== Records for the task

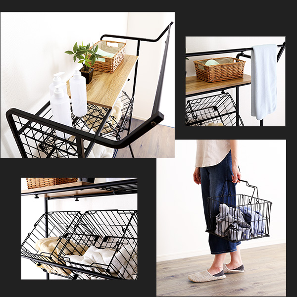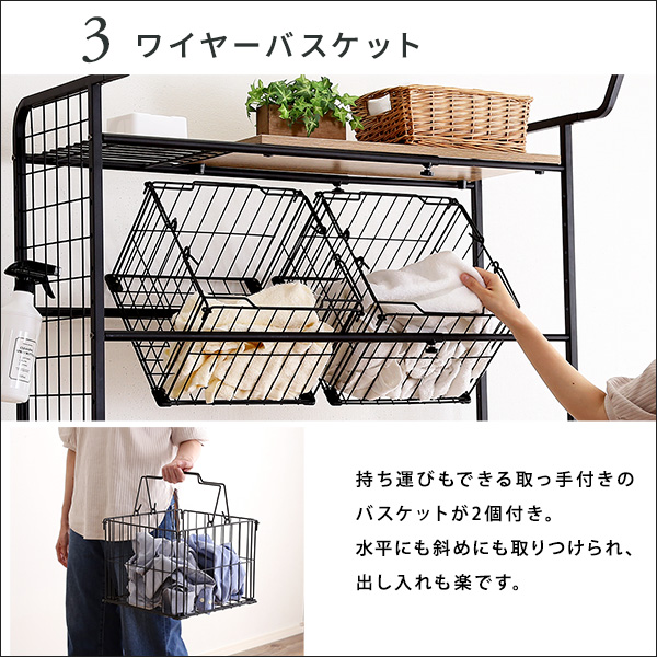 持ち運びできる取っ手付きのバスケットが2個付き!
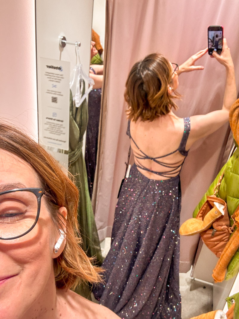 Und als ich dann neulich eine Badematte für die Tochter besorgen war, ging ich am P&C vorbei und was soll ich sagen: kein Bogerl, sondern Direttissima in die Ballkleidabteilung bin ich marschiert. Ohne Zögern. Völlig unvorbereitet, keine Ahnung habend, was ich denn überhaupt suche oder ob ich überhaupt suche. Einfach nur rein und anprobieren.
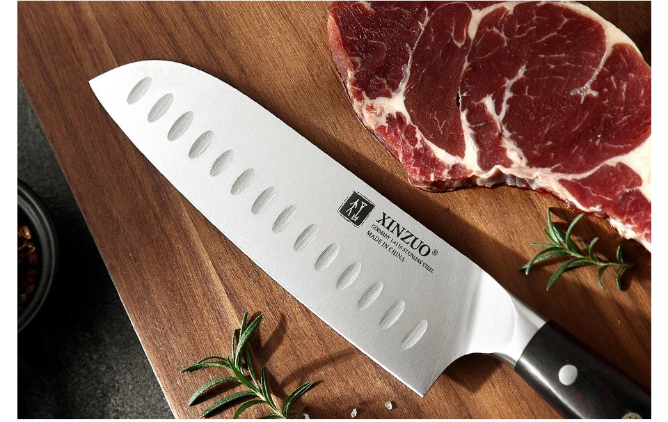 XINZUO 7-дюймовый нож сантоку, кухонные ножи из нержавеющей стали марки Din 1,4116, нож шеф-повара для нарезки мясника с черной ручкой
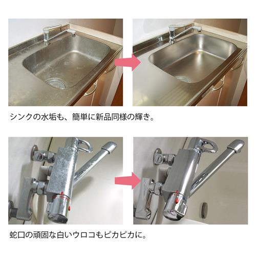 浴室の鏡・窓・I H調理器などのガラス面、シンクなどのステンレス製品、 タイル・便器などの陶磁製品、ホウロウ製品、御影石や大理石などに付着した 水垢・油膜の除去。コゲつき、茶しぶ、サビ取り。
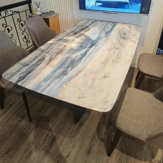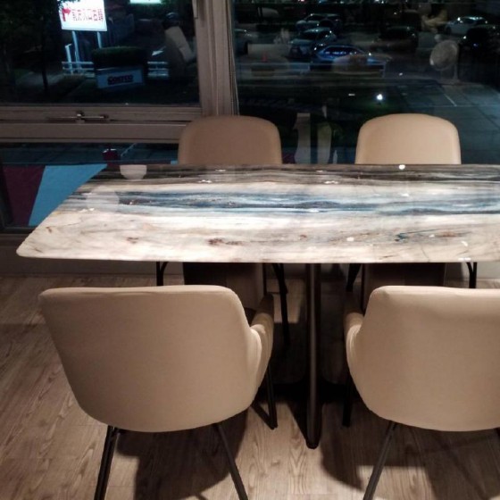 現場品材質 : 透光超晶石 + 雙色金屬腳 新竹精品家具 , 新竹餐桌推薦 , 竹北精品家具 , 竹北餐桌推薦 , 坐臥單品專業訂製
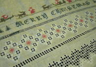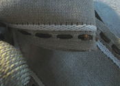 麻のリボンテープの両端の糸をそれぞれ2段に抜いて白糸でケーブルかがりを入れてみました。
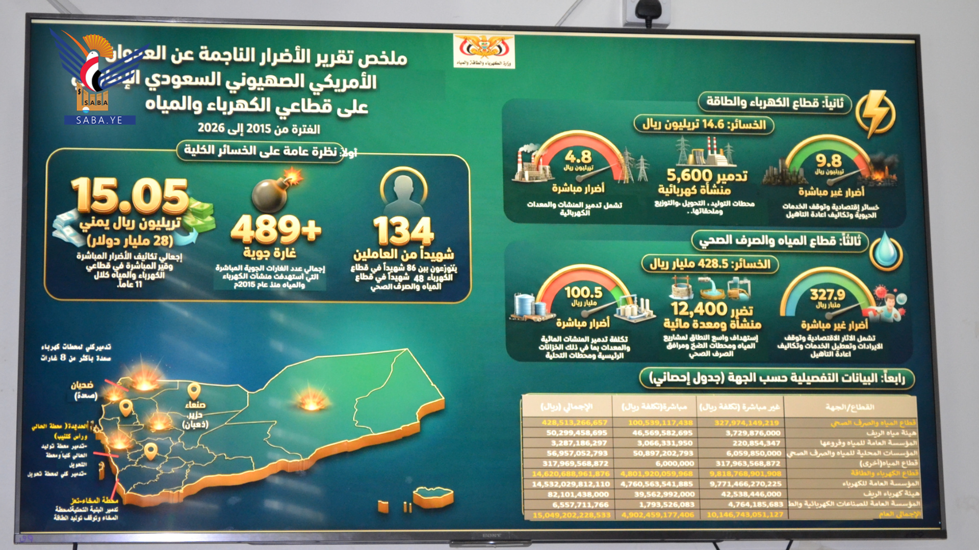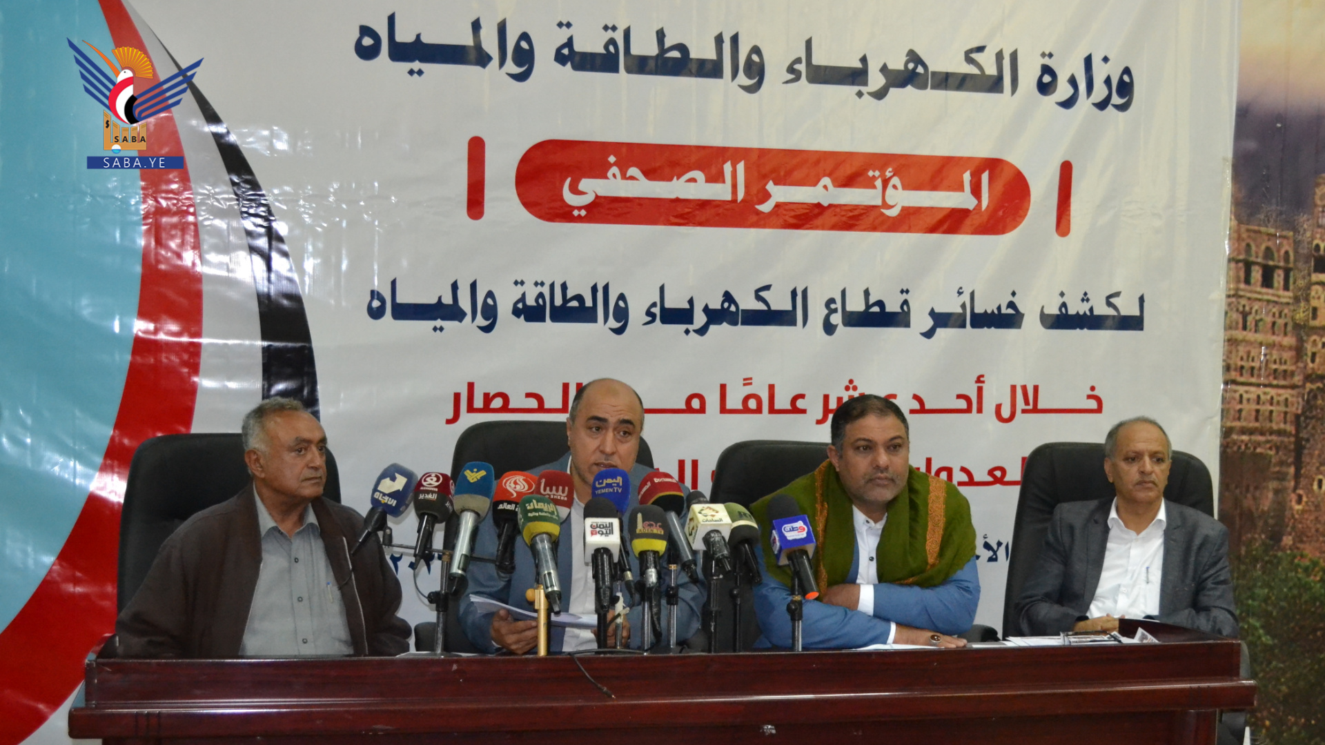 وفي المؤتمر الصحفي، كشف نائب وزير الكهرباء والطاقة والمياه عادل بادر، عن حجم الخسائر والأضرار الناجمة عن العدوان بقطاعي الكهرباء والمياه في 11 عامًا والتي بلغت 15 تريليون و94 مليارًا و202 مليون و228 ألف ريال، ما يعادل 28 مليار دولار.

====

● What you need to do
All that is needed is the exact run of lines from the start of the material above through the one containing "麻のリボンテープの両端の糸を", pictures left out.

● Response to this task
 持ち運びできる取っ手付きのバスケットが2個付き!
 Und als ich dann neulich eine Badematte für die Tochter besorgen war, ging ich am P&C vorbei und was soll ich sagen: kein Bogerl, sondern Direttissima in die Ballkleidabteilung bin ich marschiert. Ohne Zögern. Völlig unvorbereitet, keine Ahnung habend, was ich denn überhaupt suche oder ob ich überhaupt suche. Einfach nur rein und anprobieren.
 XINZUO 7-дюймовый нож сантоку, кухонные ножи из нержавеющей стали марки Din 1,4116, нож шеф-повара для нарезки мясника с черной ручкой
 浴室の鏡・窓・I H調理器などのガラス面、シンクなどのステンレス製品、 タイル・便器などの陶磁製品、ホウロウ製品、御影石や大理石などに付着した 水垢・油膜の除去。コゲつき、茶しぶ、サビ取り。
 現場品材質 : 透光超晶石 + 雙色金屬腳 新竹精品家具 , 新竹餐桌推薦 , 竹北精品家具 , 竹北餐桌推薦 , 坐臥單品專業訂製
 麻のリボンテープの両端の糸をそれぞれ2段に抜いて白糸でケーブルかがりを入れてみました。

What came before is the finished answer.